Muere Francisco Brines, la última voz de la Generación del 50

El Premio Cervantes 2020 ha fallecido a los 89 años

Hace escasas fechas, el escritor y profesor Pedro García Cueto publicaba, en la editorial Huerga & Fierro, un libro de poesía sobre el último premio Cervantes, Francisco Brines, el poeta que fuera visitado por los reyes Felipe VI y Letizia, en su casa de Elca, en el capo de Oliva –donde había nacido en 1932–, para darle en mano el mayor galardón de nuestras letras.

Así, en “Francisco Brines, el otoño de un poeta”, este especialista en poesía española, autor de tres ensayos sobre la vida y la obra de Juan Gil-Albert y otro sobre doce poetas valencianos contemporáneos, llevaba a cabo el propósito siguiente: reivindicar su poesía desde las influencias de Juan Ramón Jiménez y Luis Cernuda; lo hacía recorriendo toda la obra del autor valenciano, haciendo hincapié en su profunda poesía existencial y metafísica, en los temas del tiempo y en el recuerdo de la infancia.

Esa larga andadura que ha tenido un colofón cervantino siempre se mantuvo en el estío, en la primavera, podría decirse, por su viveza de escritura, por el interés que suscitaban sus libros, desde su debut, inmejorable para un poeta, con “Las brasas” (1959), pues ganó con él el Premio Adonais.

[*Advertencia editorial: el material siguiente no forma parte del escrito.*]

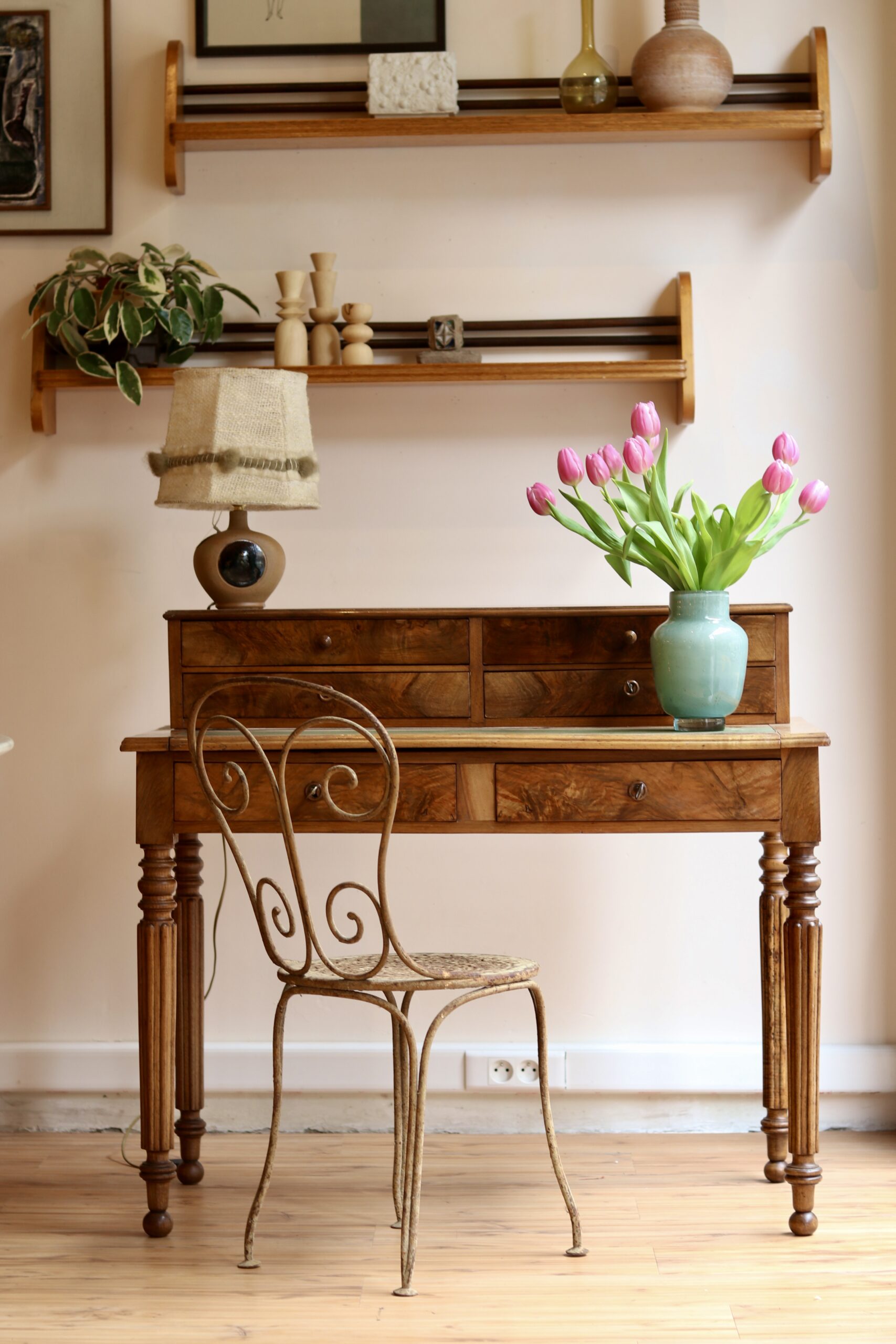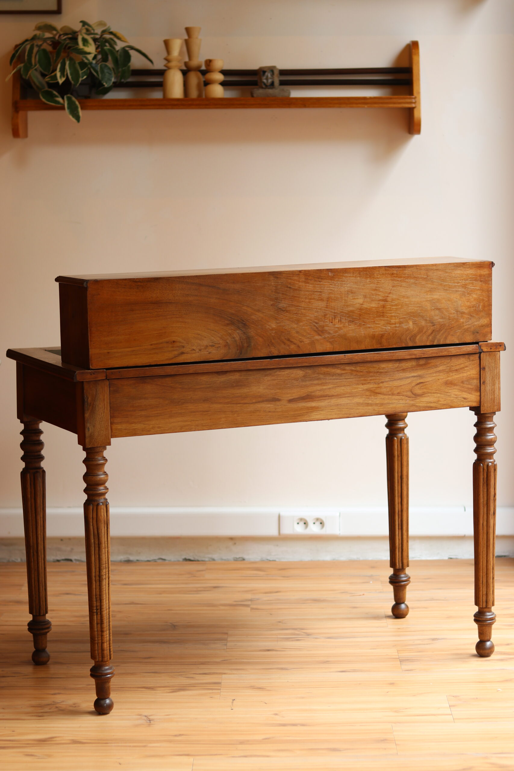 Reposant sur des pieds tournés à cannelures, caractéristiques du style Louis-Philippe, ce bureau présente des proportions équilibrées et une allure à la fois sobre et raffinée. Une pièce authentique, idéale pour apporter du cachet à un intérieur tout en restant parfaitement fonctionnelle.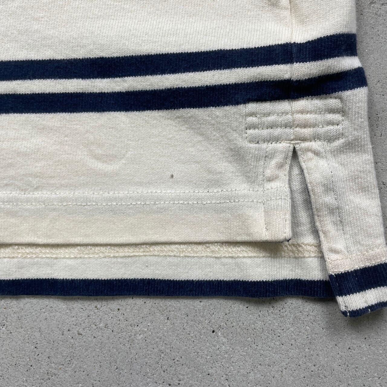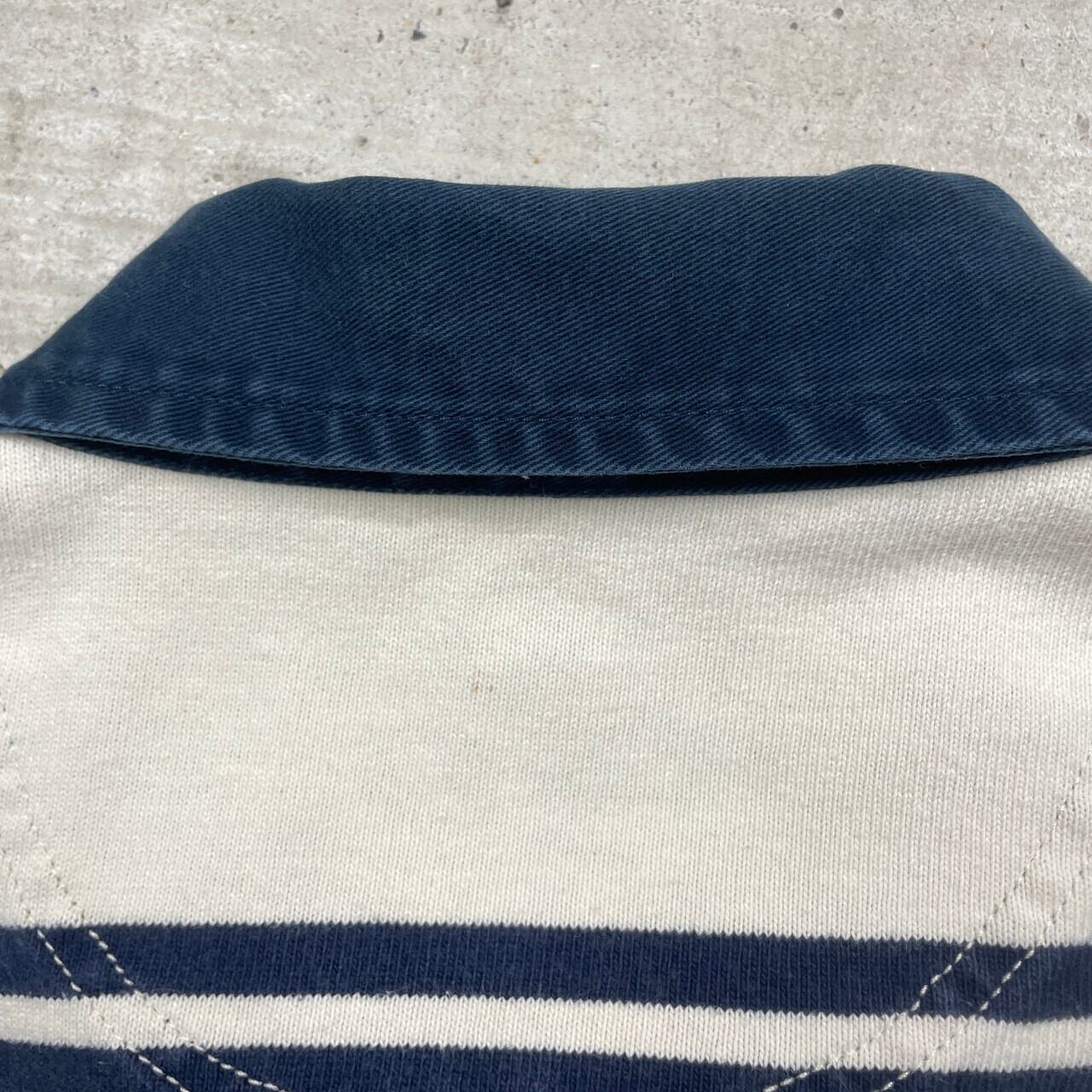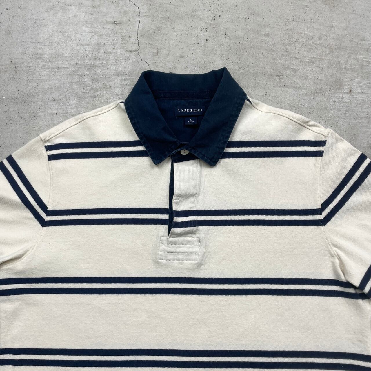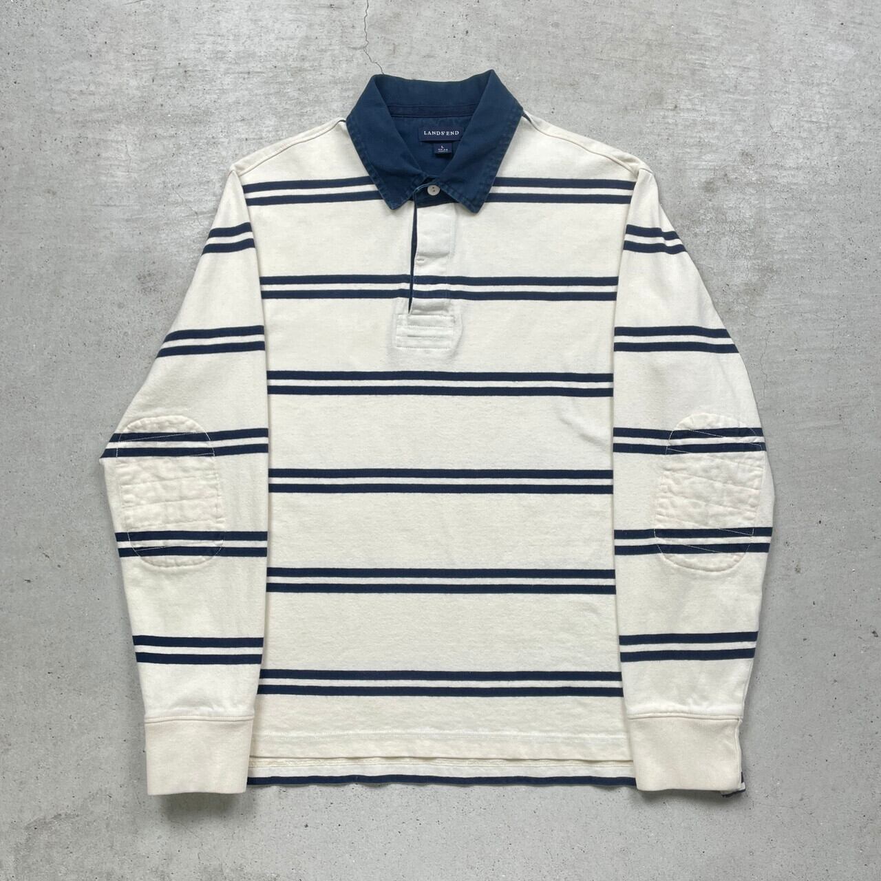 ■LANDS' END ランズエンド ボーダー ラガーシャツ メンズXL相当 古着 アメカジ エルボーパッチ VINTAGE ヴィンテージ 紺 白 ネイビー【ポロシャツ・ラガーシャツ】/ホワイト

García Cueto habla de lo otoñal, lo crepuscular –él, que firmó el libro “El otoño de las rosas”, una suerte de mezcla de pena elegiaco y fulgor vitalista–, en una obra que enseguida fue considerada por los mejores estudiosos, pues no en vano en 1966 obtuvo el Premio Nacional de la Crítica por “Palabras en la oscuridad” (1966) y fue incluido por José Batlló en la “Antología de la nueva poesía española” en 1968. Él, sin embargo, se alejaba de lo que era preponderante en aquella época, la poesía de corte social dentro de un contexto que ha resultado de gran atractivo para diversos especialistas, que lo han tratado casi como de un despertar artístico en relación a las poéticas anteriores.

Entre ellos, Andrew Debicki, que en 1981, en la nota a su libro “Poesía del conocimiento. La generación española de 1956-1971” –donde estudió la obra de Brines, Claudio Rodríguez, Ángel González, Gloria Fuertes, José Ángel Valente, Jaime Gil de Biedma, Carlos Sahagún, Eladio Cabañero, Ángel Crespo y Manuel Mantero–, advirtió «la importancia de dicha poesía y hasta qué punto representaba una ruptura con relación a los estilos y cánones de los primeros años de la posguerra. Vine, sobre todo, a darme cuenta de que los poetas más recientes empleaban el lenguaje cotidiano y las técnicas narrativas de modos altamente inventivos. Y, aunque a primera vista, algunas de sus obras podían asemejarse a la poesía “realista” de sus inmediatos predecesores, exhibían, no obstante, un tipo de control artístico original y novedoso, vehiculando una gran riqueza de sentidos y perspectivas».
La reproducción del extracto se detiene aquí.